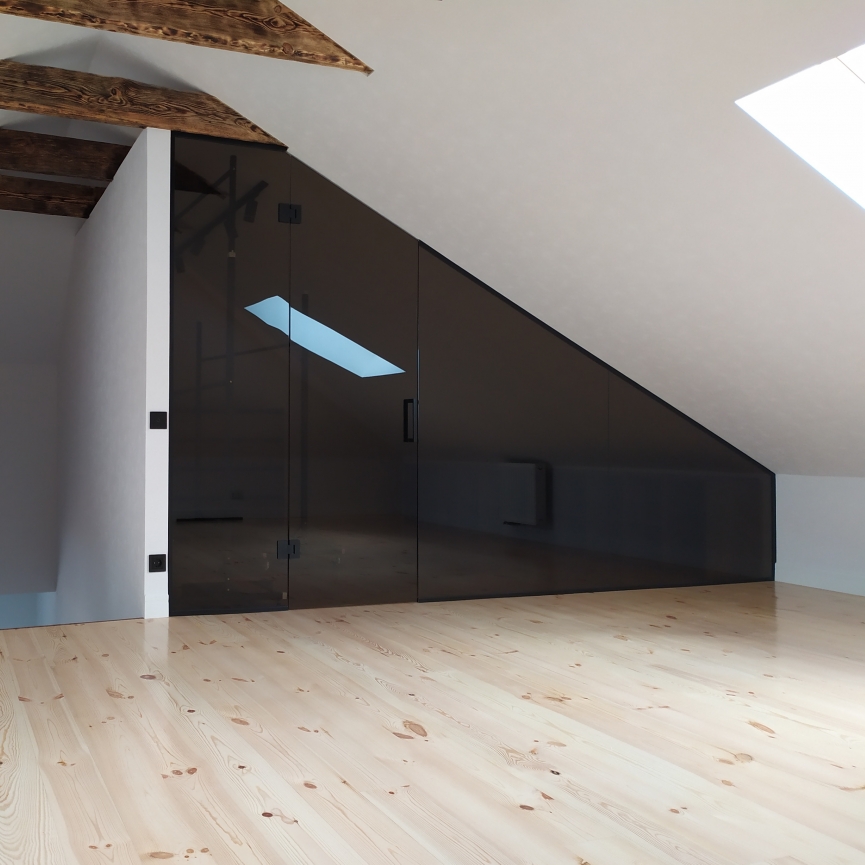 Loft перегородка Sabiote – графитовое стекло, двойная, для гардеробной под мансарду
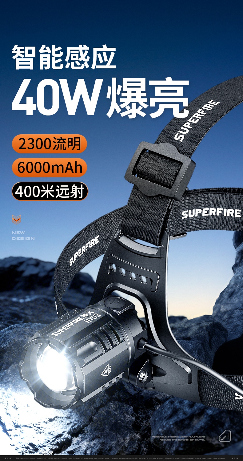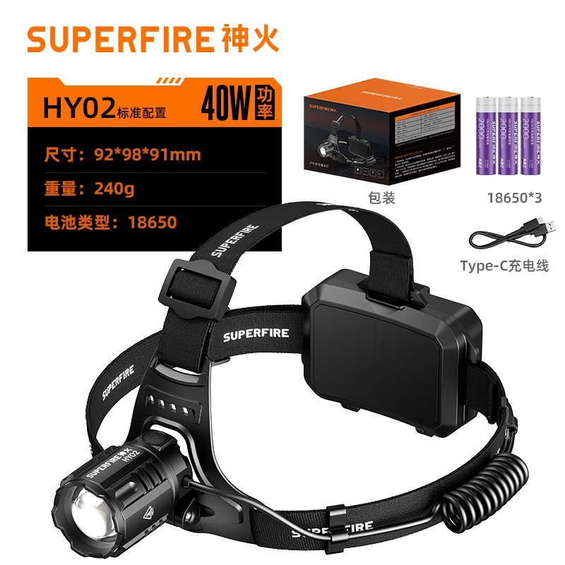 1、远近双灯,一键切换;伸缩调焦,明暗随心。 2、40W大功率,亮度高,照面效果好。 3、头灯角度调节:超90°角度随意调节,适宜各环境使用。
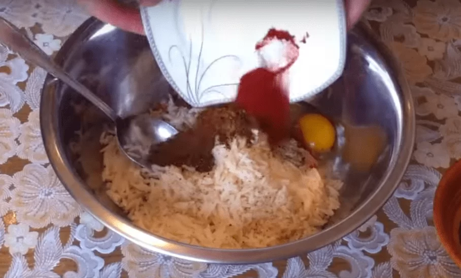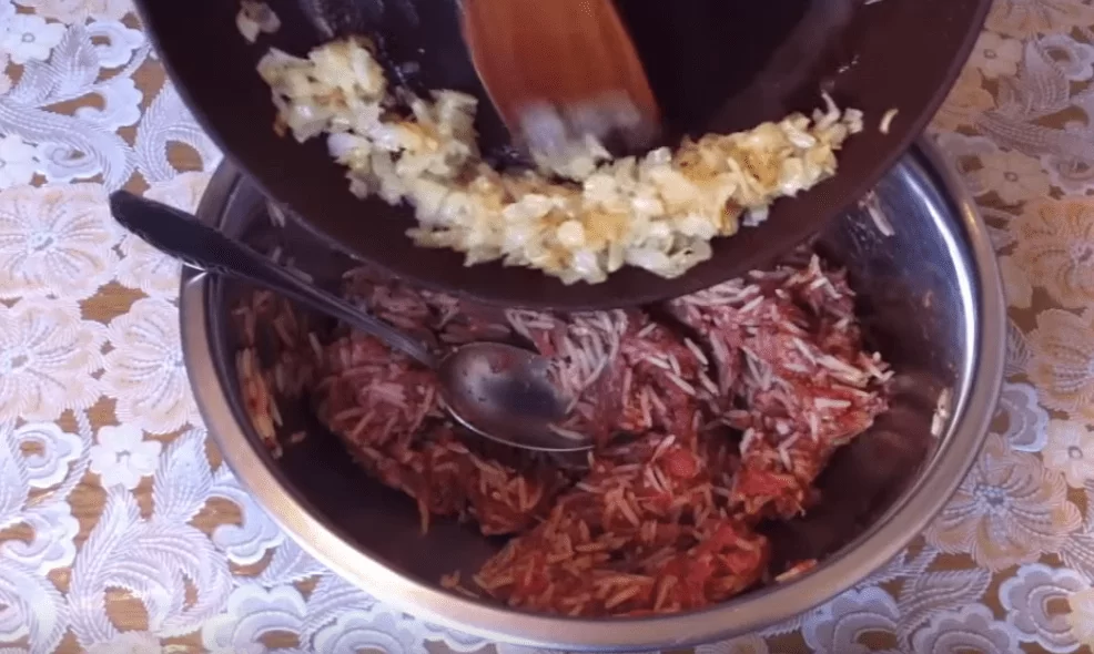 1. В одной миске соединяем фарш, полу отваренный рис, одно яйцо, специи, соль и перец. Хорошо все перемешиваем.
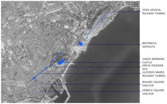 Image of the different enclaves chosen in the study of the city of Alicante: the shelters of Plaza Balmis and Plaza Seneca, the Castle of Santa Barbara, the Powder Magazine of the Ereta, the deposits of the British and the two tunnels of the TRAM of Alicante (Source Google Maps. Own elaboration).
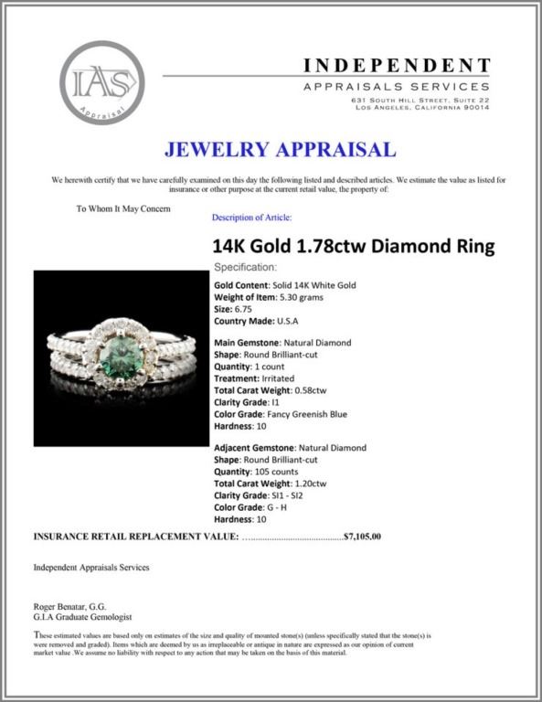 Regarding Appraised Jewelry and Loose Stones - Auctionfarm sends them out to a third party for Retail Replacement Value Appraisals, which are the most common. These types of evaluations are written for insurance needs. This would be the cost to replace the jewelry with an item of equal quality and kind, considered to be the current market price or the replacement value. This type of appraisal is done to protect you in the event of damage or loss of a valuable item. Our appraisals are conducted by independent 3rd Party appraisal firms that utilizes Certified GIA Gemologist. Appraisals should be used for verification of gemstone and/or metal weight, size, and grade only, not actual value. Appraisal value should be considered for insurance purposes only, not actual value, as price varies greatly from retail locations thru out the world. Items should not be purchased with the expectation to resell for appraisal price, or for profit.
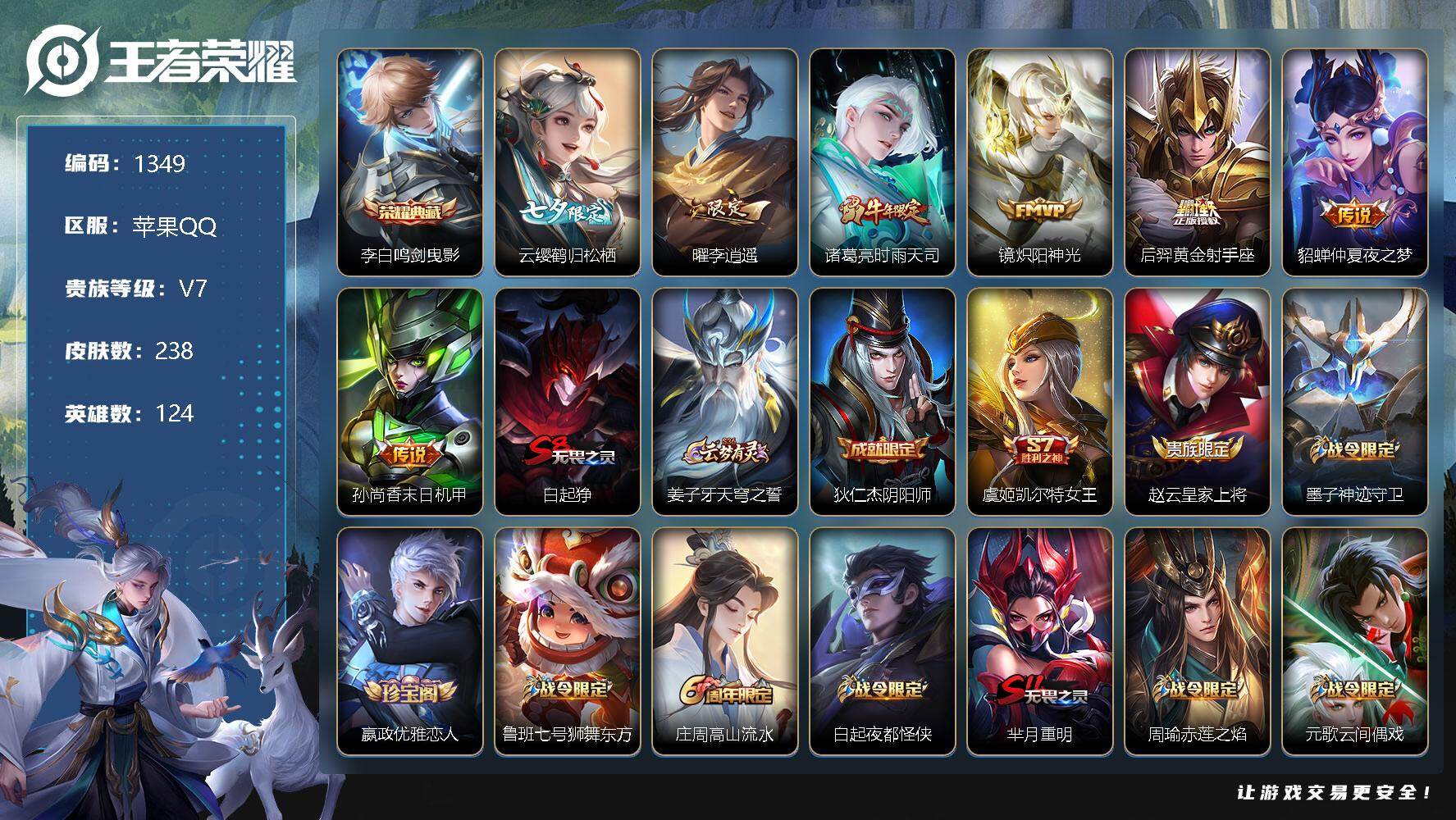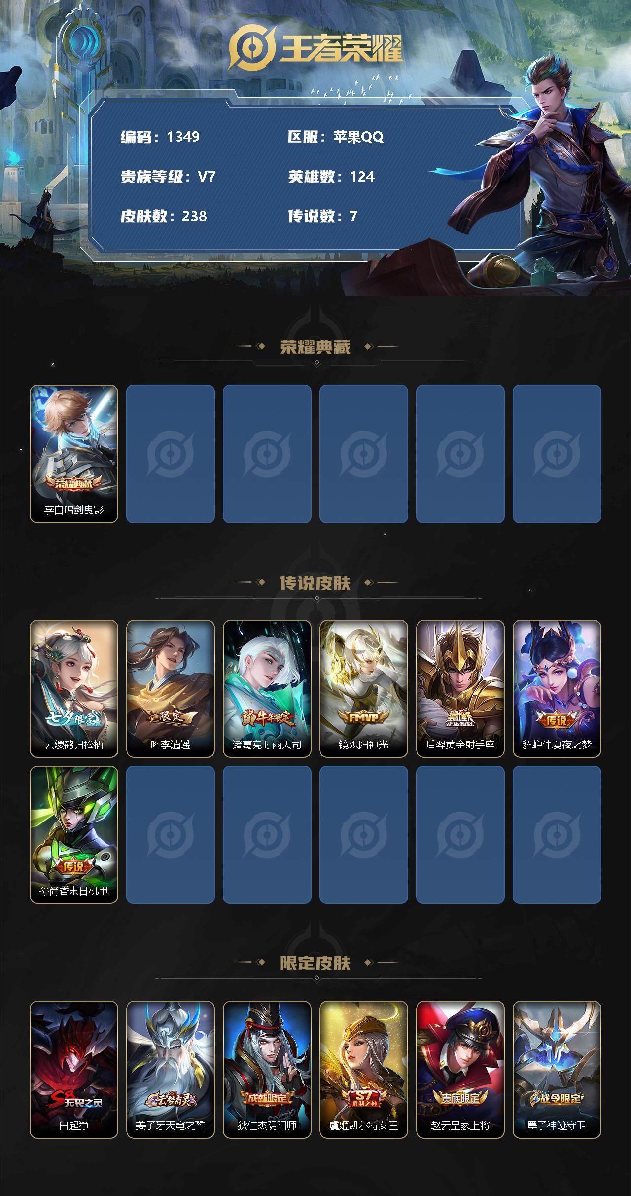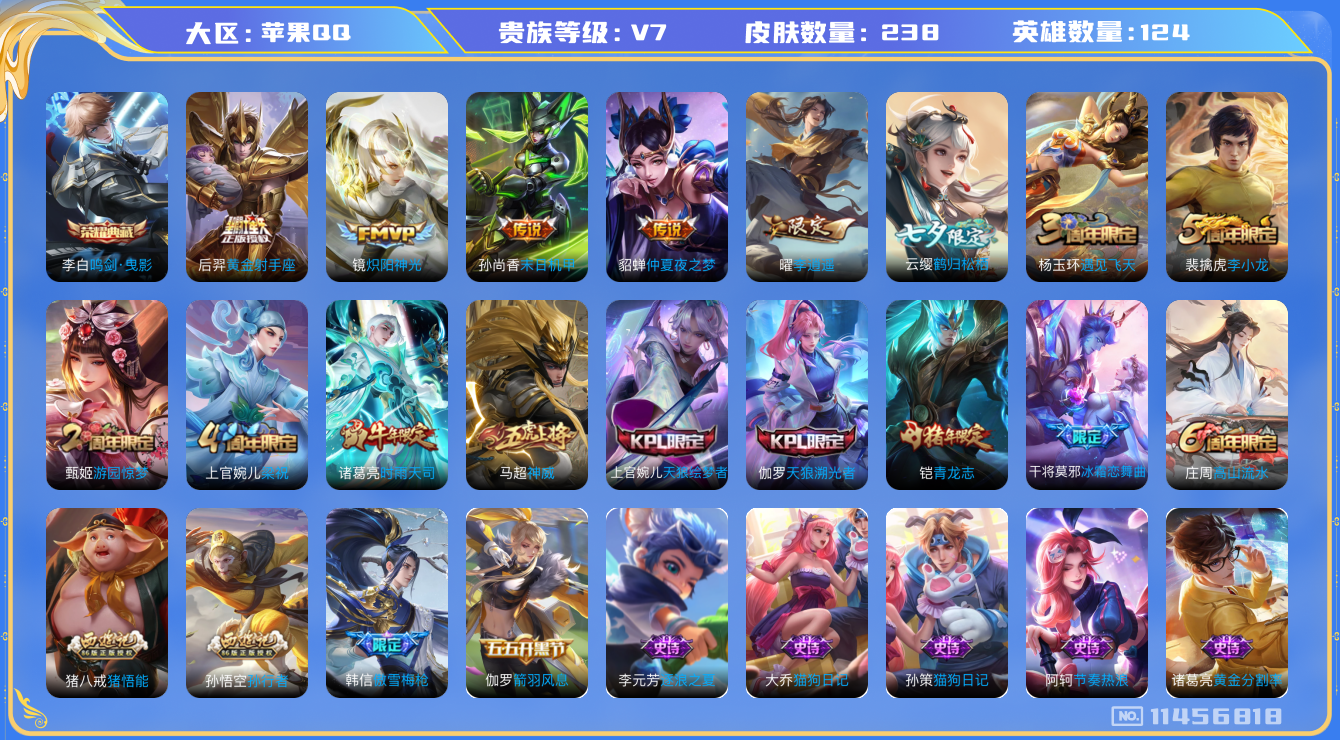 [11456818]【商品标题】:苹果Q-V7-最强王者段位-124英雄-238皮肤-1典藏-0珍品无双-0无双-0珍品传说-7传说-70史诗
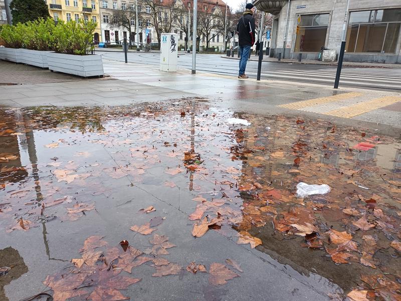 Kłopot mają piesi czekający przed przejściem przy Bramie Królewskiej w Szczecinie. Po każdym deszczu tworzy się tam wielka kałuża. Czekającym na zielone światło przechodniom pozostaje skrawek chodnika. Zdaniem naszego Czytelnika sprawą powinny zająć się...
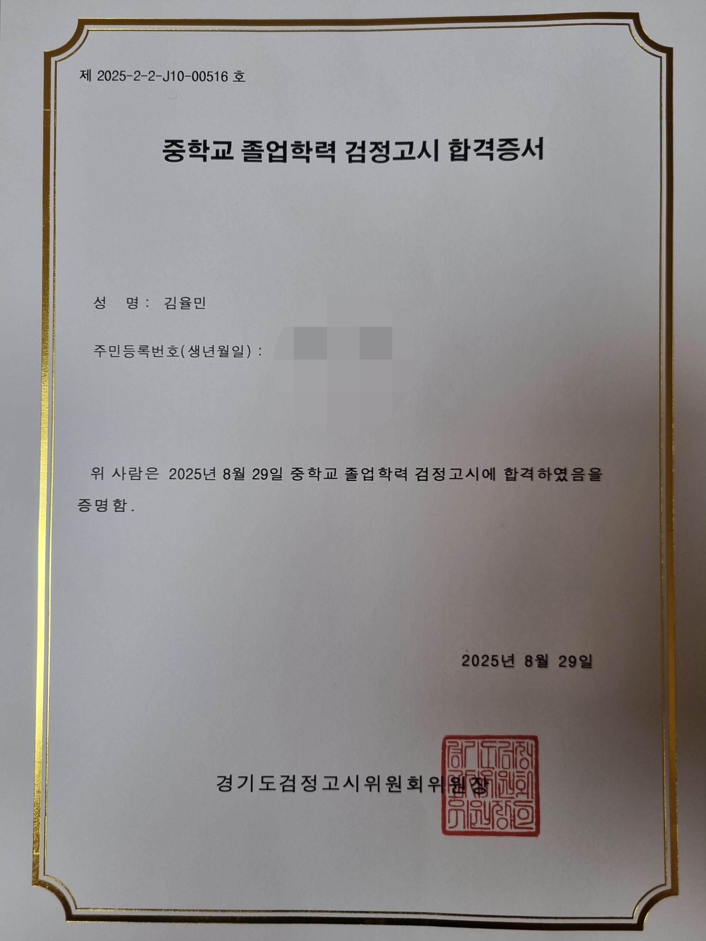 - 2025.09.01 25년 중등 검정고시 합격했어요 2
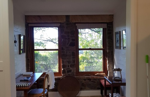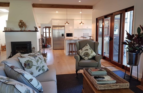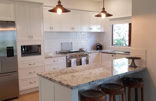 A pastoral haven commanding both country and ocean views across the dairy, surrounded by magnificent old Morton Bay Fig Trees, Stony Hill Cottage is a charming country home found down the end of a private road. The kitchen is beautiful and fully equipped for a very comfortable stay and the open plan living has a comfortable sofa, two wing chairs and an excellent LG Smart TV with unlimited WIFI. There is a sound bar both upstairs and downstairs. It is an ideal place to relax and unwind in either summer or winter, with a lovely fireplace, which keeps the home cosy and warm. It has a separate studio and is set on the hilltop amidst prime dairy country. It was originally a farmworkers cottage on the dairy and has been expanded over the years. The newly renovated home has an extra upper level with huge master bedroom and ensuite plus study. There is an expansive deck upstairs commanding magnificent 270 degree views. Downstairs there are two queen rooms and one twin room, with king single beds. There is a log fire and wood is provided. It is a mere 5 minutes drive to famous Mollymook and Narrawallee beaches and a short walk to the historic town of Milton, so you can choose between coastal, country or cultural pursuits whilst enjoying the feeling of being tucked away from the hustle bustle. Milton is a lovely, historic town with interesting and quirky boutiques, some excellent restaurants and lovely surrounds. Being close to both Mollymook and Narrawallee you have the benefit of both country and coastal pursuits.
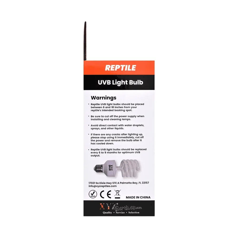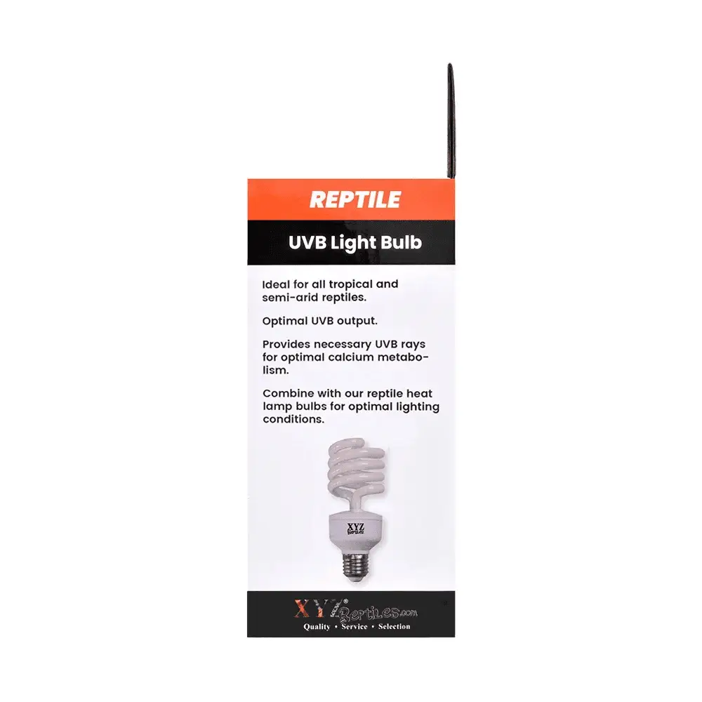 Our reptile UVB light bulb 5.0 is a fantastic source of low intensity lighting for your reptile pets. 5.0 UVB lights are perfect for water dragon lighting and chameleon lighting. The XYZReptiles UVB light bulb 5.0 is manufactured under strict and rigorous guidelines to ensure proper lighting for your reptile pet. This low intensity reptile uvb light is made specifically for low lighting reptile pets. Use this bulb along with a basking light for a perfect forest floor enclosure. It is perfect for such as the elongated tortoise and the redfoot tortoise. This bulb is also great for panther chameleons and other pet lizards like the caiman lizard. Finally, this light is an ideal choice for illuminating blue tongue skink setups. If you are looking for forest floor reptile lights then look no further. Because reptile lighting is an important part of the perfect reptile setup you need a quality reptile UVB light for your pet. Along with proper bedding, heating and feeding, proper lighting keeps your reptile pet healthy and happy. You may want to view our other and . Pro Tip: All UVB bulbs lose their intensity over time and need to be replaced. Write the start date on the UVB bulb itself and change it every six to eight months.

_ _ _ _ _

_Action item_:
With the pictures set aside, repeat every entry above exactly.

_Problem solution_:
 Loft перегородка Sabiote – графитовое стекло, двойная, для гардеробной под мансарду
 1、远近双灯,一键切换;伸缩调焦,明暗随心。 2、40W大功率,亮度高,照面效果好。 3、头灯角度调节:超90°角度随意调节,适宜各环境使用。
 1. В одной миске соединяем фарш, полу отваренный рис, одно яйцо, специи, соль и перец. Хорошо все перемешиваем.
 Image of the different enclaves chosen in the study of the city of Alicante: the shelters of Plaza Balmis and Plaza Seneca, the Castle of Santa Barbara, the Powder Magazine of the Ereta, the deposits of the British and the two tunnels of the TRAM of Alicante (Source Google Maps. Own elaboration).
 Regarding Appraised Jewelry and Loose Stones - Auctionfarm sends them out to a third party for Retail Replacement Value Appraisals, which are the most common. These types of evaluations are written for insurance needs. This would be the cost to replace the jewelry with an item of equal quality and kind, considered to be the current market price or the replacement value. This type of appraisal is done to protect you in the event of damage or loss of a valuable item. Our appraisals are conducted by independent 3rd Party appraisal firms that utilizes Certified GIA Gemologist. Appraisals should be used for verification of gemstone and/or metal weight, size, and grade only, not actual value. Appraisal value should be considered for insurance purposes only, not actual value, as price varies greatly from retail locations thru out the world. Items should not be purchased with the expectation to resell for appraisal price, or for profit.
 [11456818]【商品标题】:苹果Q-V7-最强王者段位-124英雄-238皮肤-1典藏-0珍品无双-0无双-0珍品传说-7传说-70史诗
 Kłopot mają piesi czekający przed przejściem przy Bramie Królewskiej w Szczecinie. Po każdym deszczu tworzy się tam wielka kałuża. Czekającym na zielone światło przechodniom pozostaje skrawek chodnika. Zdaniem naszego Czytelnika sprawą powinny zająć się...
 - 2025.09.01 25년 중등 검정고시 합격했어요 2
 A pastoral haven commanding both country and ocean views across the dairy, surrounded by magnificent old Morton Bay Fig Trees, Stony Hill Cottage is a charming country home found down the end of a private road. The kitchen is beautiful and fully equipped for a very comfortable stay and the open plan living has a comfortable sofa, two wing chairs and an excellent LG Smart TV with unlimited WIFI. There is a sound bar both upstairs and downstairs. It is an ideal place to relax and unwind in either summer or winter, with a lovely fireplace, which keeps the home cosy and warm. It has a separate studio and is set on the hilltop amidst prime dairy country. It was originally a farmworkers cottage on the dairy and has been expanded over the years. The newly renovated home has an extra upper level with huge master bedroom and ensuite plus study. There is an expansive deck upstairs commanding magnificent 270 degree views. Downstairs there are two queen rooms and one twin room, with king single beds. There is a log fire and wood is provided. It is a mere 5 minutes drive to famous Mollymook and Narrawallee beaches and a short walk to the historic town of Milton, so you can choose between coastal, country or cultural pursuits whilst enjoying the feeling of being tucked away from the hustle bustle. Milton is a lovely, historic town with interesting and quirky boutiques, some excellent restaurants and lovely surrounds. Being close to both Mollymook and Narrawallee you have the benefit of both country and coastal pursuits.
 Our reptile UVB light bulb 5.0 is a fantastic source of low intensity lighting for your reptile pets. 5.0 UVB lights are perfect for water dragon lighting and chameleon lighting. The XYZReptiles UVB light bulb 5.0 is manufactured under strict and rigorous guidelines to ensure proper lighting for your reptile pet. This low intensity reptile uvb light is made specifically for low lighting reptile pets. Use this bulb along with a basking light for a perfect forest floor enclosure. It is perfect for such as the elongated tortoise and the redfoot tortoise. This bulb is also great for panther chameleons and other pet lizards like the caiman lizard. Finally, this light is an ideal choice for illuminating blue tongue skink setups. If you are looking for forest floor reptile lights then look no further. Because reptile lighting is an important part of the perfect reptile setup you need a quality reptile UVB light for your pet. Along with proper bedding, heating and feeding, proper lighting keeps your reptile pet healthy and happy. You may want to view our other and . Pro Tip: All UVB bulbs lose their intensity over time and need to be replaced. Write the start date on the UVB bulb itself and change it every six to eight months.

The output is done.